> [Aim of the task] Transcribe each line of the material as it is, and drop any picture.

> [Source material]
^^^^
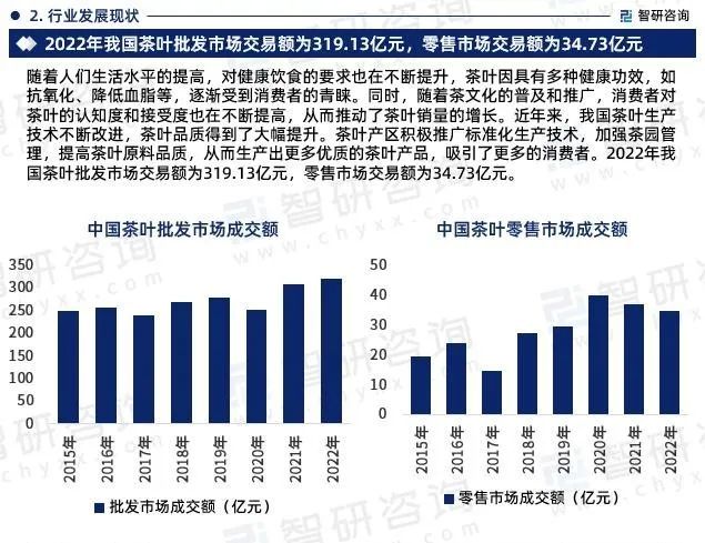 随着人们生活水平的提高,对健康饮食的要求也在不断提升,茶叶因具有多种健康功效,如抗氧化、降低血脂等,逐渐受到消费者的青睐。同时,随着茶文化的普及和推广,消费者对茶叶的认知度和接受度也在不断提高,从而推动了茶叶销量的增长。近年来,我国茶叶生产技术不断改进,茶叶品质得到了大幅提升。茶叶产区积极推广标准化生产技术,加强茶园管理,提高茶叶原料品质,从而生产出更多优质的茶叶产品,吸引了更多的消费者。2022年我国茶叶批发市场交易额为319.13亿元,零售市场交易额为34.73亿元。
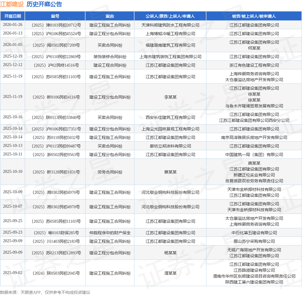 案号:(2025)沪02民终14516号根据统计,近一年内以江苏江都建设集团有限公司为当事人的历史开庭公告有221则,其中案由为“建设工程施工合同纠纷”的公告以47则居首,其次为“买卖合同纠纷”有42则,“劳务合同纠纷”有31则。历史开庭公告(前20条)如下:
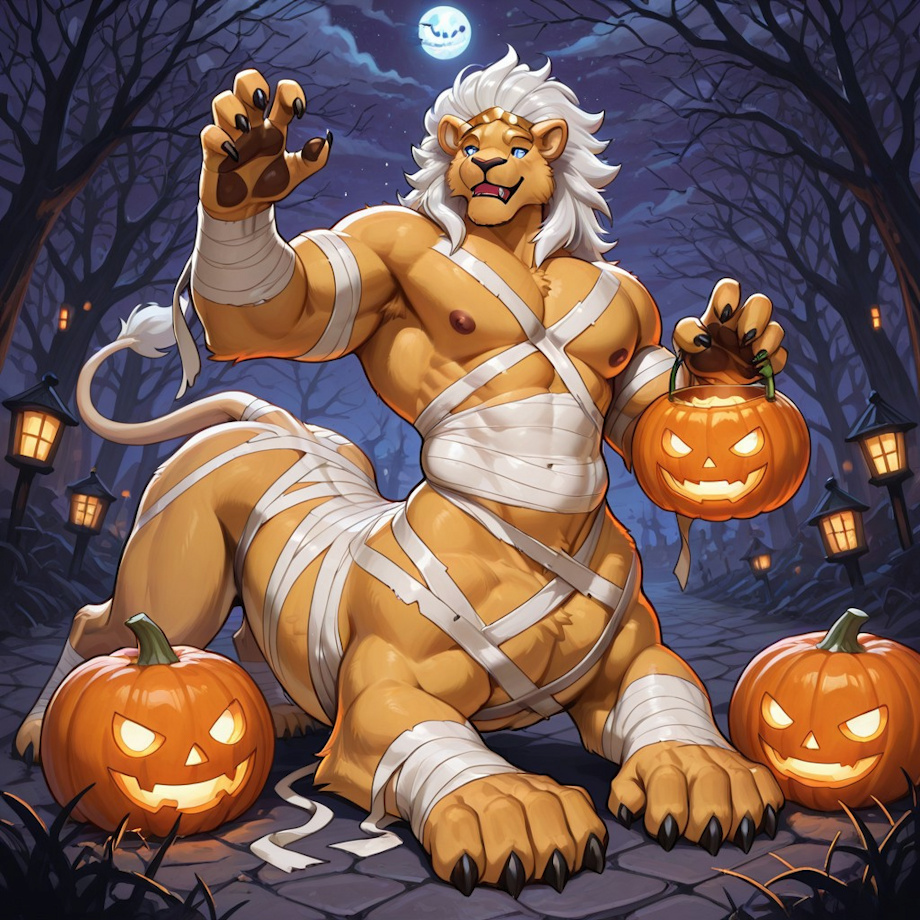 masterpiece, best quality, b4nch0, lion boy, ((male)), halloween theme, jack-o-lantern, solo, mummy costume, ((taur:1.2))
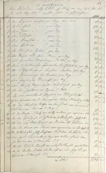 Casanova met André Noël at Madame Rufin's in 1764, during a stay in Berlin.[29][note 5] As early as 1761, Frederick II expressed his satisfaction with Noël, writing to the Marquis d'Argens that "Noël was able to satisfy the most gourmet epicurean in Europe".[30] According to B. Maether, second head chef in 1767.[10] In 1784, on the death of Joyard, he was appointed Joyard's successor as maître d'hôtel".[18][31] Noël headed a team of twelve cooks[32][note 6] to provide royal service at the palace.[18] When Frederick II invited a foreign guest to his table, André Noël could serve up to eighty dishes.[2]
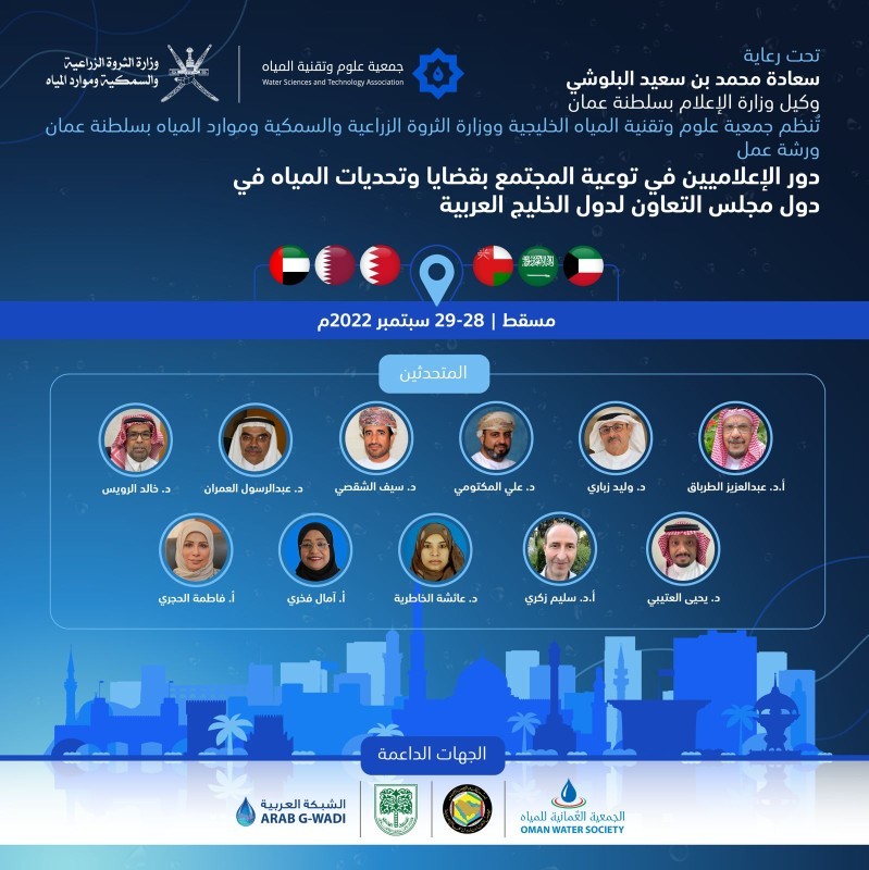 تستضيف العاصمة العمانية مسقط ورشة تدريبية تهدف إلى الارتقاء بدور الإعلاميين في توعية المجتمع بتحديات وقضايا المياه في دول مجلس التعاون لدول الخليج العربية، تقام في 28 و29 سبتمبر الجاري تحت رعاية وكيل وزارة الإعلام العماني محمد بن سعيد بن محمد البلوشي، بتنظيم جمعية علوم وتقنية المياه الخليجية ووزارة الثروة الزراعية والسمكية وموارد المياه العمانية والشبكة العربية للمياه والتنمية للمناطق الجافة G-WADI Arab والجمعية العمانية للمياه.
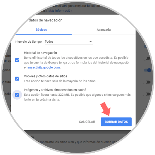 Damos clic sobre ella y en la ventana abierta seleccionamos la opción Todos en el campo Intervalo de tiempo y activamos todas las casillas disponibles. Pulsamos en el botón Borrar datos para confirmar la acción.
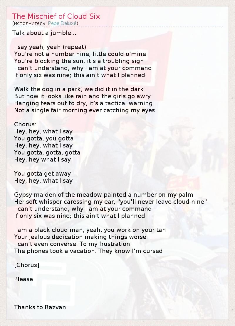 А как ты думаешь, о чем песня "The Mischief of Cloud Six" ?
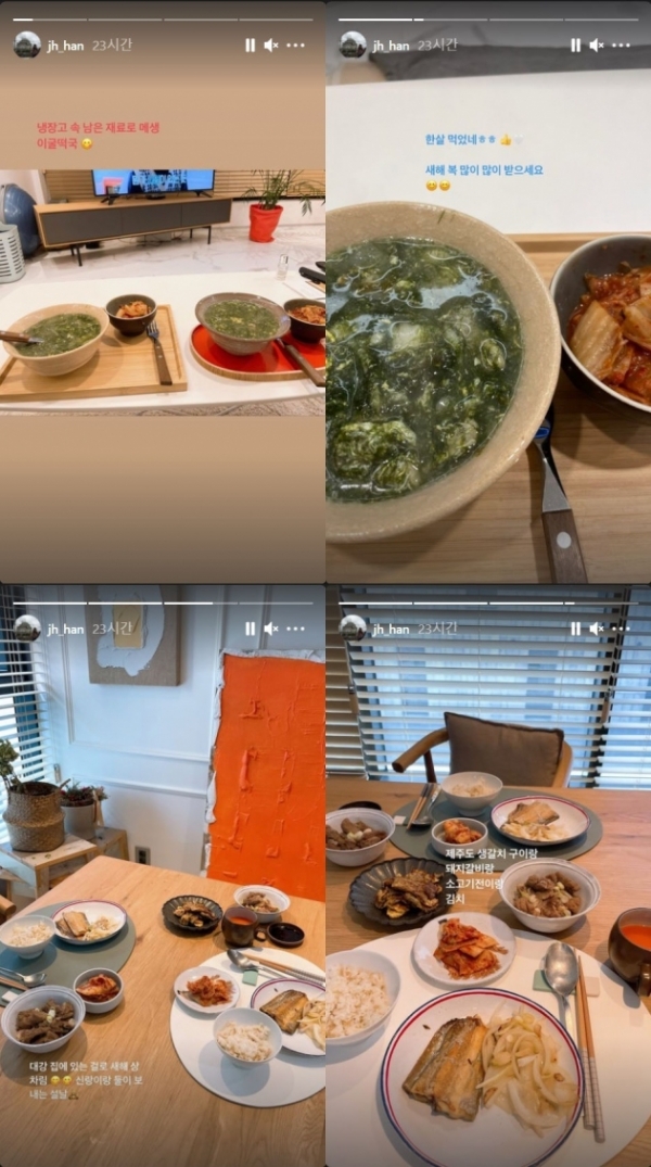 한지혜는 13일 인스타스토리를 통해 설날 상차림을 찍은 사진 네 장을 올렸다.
^^^^
> [Response for this exercise]
 随着人们生活水平的提高,对健康饮食的要求也在不断提升,茶叶因具有多种健康功效,如抗氧化、降低血脂等,逐渐受到消费者的青睐。同时,随着茶文化的普及和推广,消费者对茶叶的认知度和接受度也在不断提高,从而推动了茶叶销量的增长。近年来,我国茶叶生产技术不断改进,茶叶品质得到了大幅提升。茶叶产区积极推广标准化生产技术,加强茶园管理,提高茶叶原料品质,从而生产出更多优质的茶叶产品,吸引了更多的消费者。2022年我国茶叶批发市场交易额为319.13亿元,零售市场交易额为34.73亿元。
 案号:(2025)沪02民终14516号根据统计,近一年内以江苏江都建设集团有限公司为当事人的历史开庭公告有221则,其中案由为“建设工程施工合同纠纷”的公告以47则居首,其次为“买卖合同纠纷”有42则,“劳务合同纠纷”有31则。历史开庭公告(前20条)如下:
 masterpiece, best quality, b4nch0, lion boy, ((male)), halloween theme, jack-o-lantern, solo, mummy costume, ((taur:1.2))
 Casanova met André Noël at Madame Rufin's in 1764, during a stay in Berlin.[29][note 5] As early as 1761, Frederick II expressed his satisfaction with Noël, writing to the Marquis d'Argens that "Noël was able to satisfy the most gourmet epicurean in Europe".[30] According to B. Maether, second head chef in 1767.[10] In 1784, on the death of Joyard, he was appointed Joyard's successor as maître d'hôtel".[18][31] Noël headed a team of twelve cooks[32][note 6] to provide royal service at the palace.[18] When Frederick II invited a foreign guest to his table, André Noël could serve up to eighty dishes.[2]
 تستضيف العاصمة العمانية مسقط ورشة تدريبية تهدف إلى الارتقاء بدور الإعلاميين في توعية المجتمع بتحديات وقضايا المياه في دول مجلس التعاون لدول الخليج العربية، تقام في 28 و29 سبتمبر الجاري تحت رعاية وكيل وزارة الإعلام العماني محمد بن سعيد بن محمد البلوشي، بتنظيم جمعية علوم وتقنية المياه الخليجية ووزارة الثروة الزراعية والسمكية وموارد المياه العمانية والشبكة العربية للمياه والتنمية للمناطق الجافة G-WADI Arab والجمعية العمانية للمياه.
 Damos clic sobre ella y en la ventana abierta seleccionamos la opción Todos en el campo Intervalo de tiempo y activamos todas las casillas disponibles. Pulsamos en el botón Borrar datos para confirmar la acción.
 А как ты думаешь, о чем песня "The Mischief of Cloud Six" ?
 한지혜는 13일 인스타스토리를 통해 설날 상차림을 찍은 사진 네 장을 올렸다.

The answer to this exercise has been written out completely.